Ambassador Stevens was on the side of the "freedom fighters" when the recent Libyan revolution was at its most vulnerable, in danger of being crushed by Moammar Gadhafi's troops when they were moving on Benghazi. During the early days of the revolution, Stevens boarded a Greek cargo ship and sailed right into Benghazi, working with the rebels and offering his support throughout the revolution. For his courage and steadfastness, he received a murderous show of gratitude.

Worse still, reports indicate that the U.S. had advance warning of the attacks and yet did nothing to place embassies on high alert. The White House, of course, denies this -- which would be plausible only because Obama skips so many intelligence briefings.

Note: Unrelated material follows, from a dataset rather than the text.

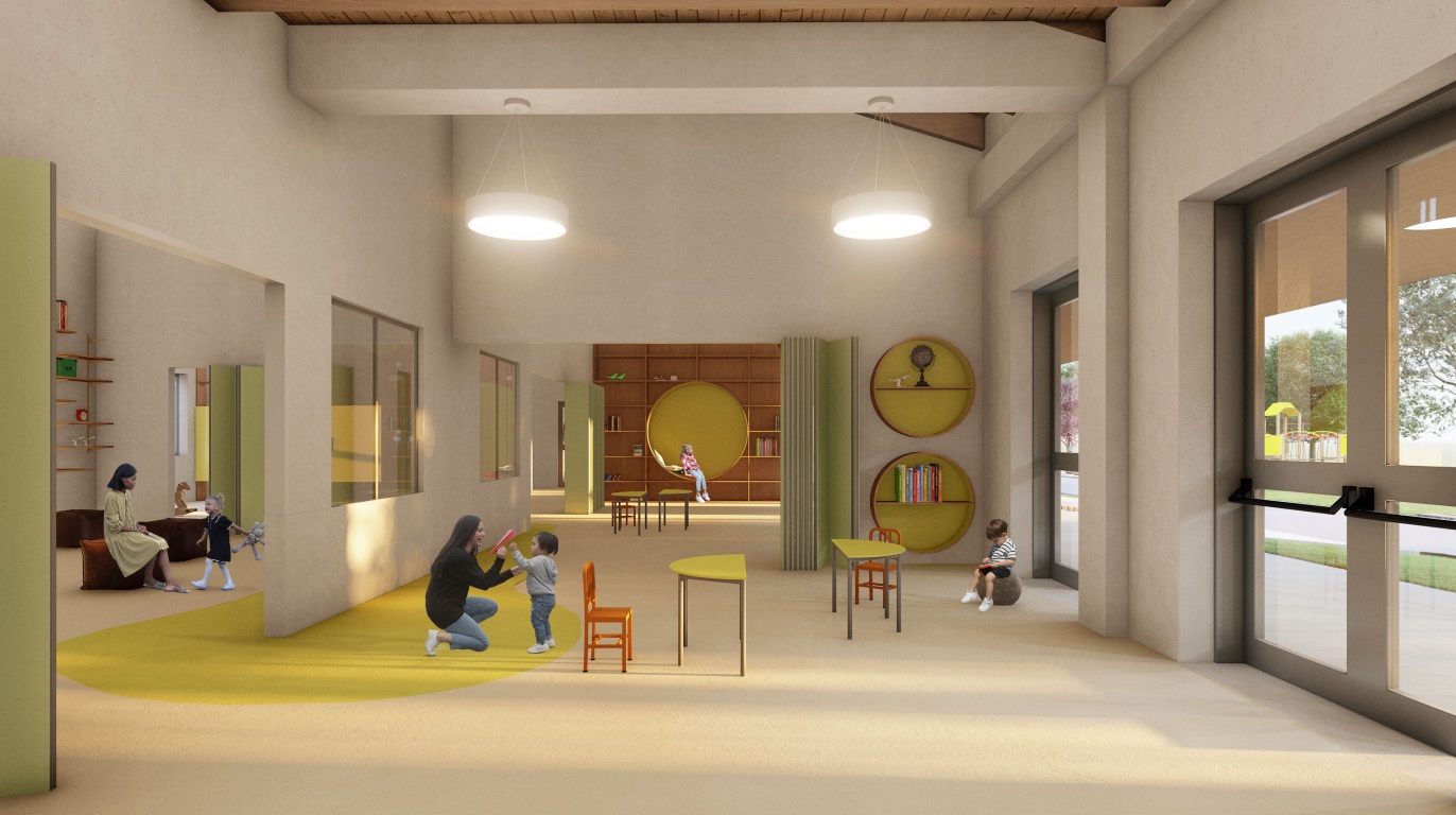 Grazie alla soluzione individuata di pareti mobili e semimobili, verrà rivisitato lo schema tradizionale dell’aula concepita come spazio chiuso e il corridoio come semplice collegamento interno. Le aule potranno così diventare luoghi aperti e interconnessi all’occorrenza con le altre aree comuni. I collegamenti interni non saranno più considerati come semplici passaggi, ma diventano essi stessi spazi funzionali “learning landscape” destinati sia alla distribuzione interna sia allo svolgimento di attività. In questo senso la permeabilità visiva tra gli spazi sarà importante per facilitare l’interazione tra le classi e gli spazi distributivi dando quindi la possibilità di trasformarsi in un unico spazio didattico. Scaffali e arredi vari permetteranno inoltre al bambino di vivere gli ambienti come luoghi domestici dove imparare ad acquisire competenze legate all’autonomia.

As has been the case for roughly 5,000 years, the situation in the Middle East remains tense and dangerous. Obama isn't helping, as on Tuesday the White House declined Israeli Prime Minister Benjamin Netanyahu's request to meet the president during a UN conference at the end of the month. Of course, the White House denies the snub, but to turn John Kerry's comments at last week's DNC back on Democrats, we'll take the word of Netanyahu over Obama any day. Adding insult to injury, Obama announced the same day as the snub that he'll appear with David Letterman next week, and his campaign spent the week raffling chances to attend a fundraiser with various celebrities. It's always good to know where our president's priorities are.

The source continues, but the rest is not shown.